While there are exceptions, the traditional media (radio, television, newspaper dailies) are a major obstacle to Freedom Party. Exceptions will be found generally in small or rural locations where some reporters take the time to focus on an election story in their area and are willing to do the work necessary to make their coverage complete. That simply doesn't happen in major markets and larger cities.

The major media either ignores Freedom Party or trivializes and stigmatizes us. For example, during Election'99 we sent the London Free Press Freedom Party's complete list of candidates in the area along with copies of our platform. In the paper's coverage of London-Fanshawe, the reporter not only ignored Freedom Party's presence, but merrily reported that there were only three candidates running in the riding. When the error was brought to her attention, she defended the omission by claiming it was "accurate to the best of my knowledge" when she wrote it. No correction ever appeared.

In an election where health care and education were the major issues, the Free Press reporter who later covered Freedom Party's platform picked the two most controversial issues she could find amongst the 70+ issues outlined. Yes, to her, the two most important issues in Fp's platform were abortion and drug laws!

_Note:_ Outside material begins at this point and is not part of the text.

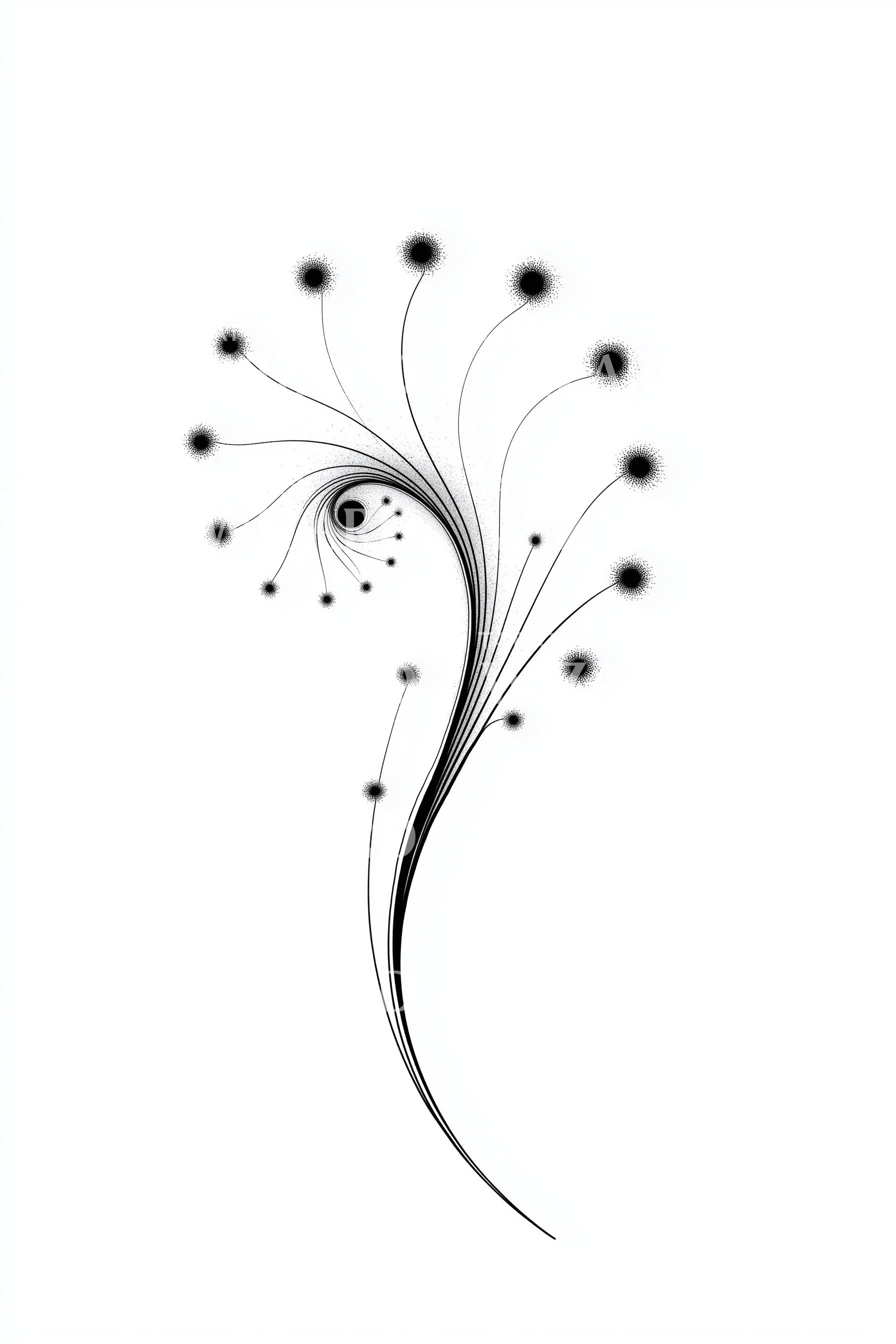 Этот изысканный дизайн татуировки в стиле тонкой линии безупречно передаёт естественную элегантность уносимого ветром семени одуванчика. С точными ботаническими деталями он символизирует течение и трансформацию. Идеально подходит для ценителей эстетической утончённости, это произведение искусства приносит красоту природы на вашу кожу с деликатной и стойкой грацией.

And did you know that Freedom Party supports abolishing fines for polluters? I certainly didn't until I read about it in the London Free Press. Our printed platform on pollution explicitly states that Freedom Party "would (1) Protect private property rights to enable property owners to take legal action against anyone who pollutes their property or its environment, (2) ensure that the responsibility for the clean up of pollution rests upon polluters, (3) Protect free markets to allow for the creation of wealth and technology which can be employed to reduce pollution." This was somehow interpreted by the reporter as "abolishing fines for polluters". (The paper later printed a retraction stating that Freedom Party doesn't favour abolishing fines for polluters, but offered no further detail.)

But it isn't just one incompetent (or hostile?) local media that is the problem. Look at the CBC and the leadership debate. Apparently, "complete coverage" includes only the three old parties. CBC Newsworld aired a single half hour episode of Counterpoint in which four of the newer parties --- Freedom, Libertarian, Communist and Marxist-Leninist --- had to make their platforms clear and distinguish themselves. The half hour hardly let anyone scratch the surface.

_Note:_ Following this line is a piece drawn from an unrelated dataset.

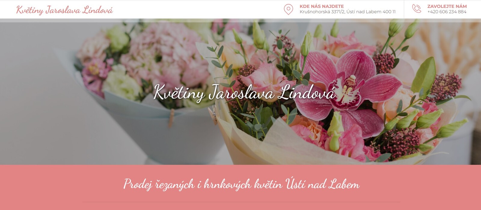 Květiny Jaroslava Lindová z Ústí nad Labem nabízí široký sortiment čerstvých řezaných i hrnkových květin, vhodných pro různé příležitosti – narozeniny, svátky, promoce a radostné události. Zajišťují krásné kytice, které potěší každou ženu a podtrhnou každou událost. Nabízí dárkové předměty, jako jsou svíčky a keramické výrobky. Pro svatby připraví květinovou vazbu pro nevěstu, maminky, svědkyně a výzdobu obřadu a svatební tabule. Specializují se také na smuteční a dušičkové vazby pro pohřby a vzpomínky na zesnulé.

Freedom Party's candidates were neither invited nor permitted to participate on Gord Harris' Hot Talk program on London's Radio'98 (CFPL). His three two-hour riding debates (one for each of London's three ridings, totaling six hours) featured only candidates from the three old parties, and we were told that the smaller parties were not welcome because they "dominate the debate." The station instead put all of the candidates from the newer parties on one two-hour show (two hours shared by five parties with their candidates from all three ridings). Though alternate parties were offered air time, the show's format did not allow them to contrast their ideas with those of the old three.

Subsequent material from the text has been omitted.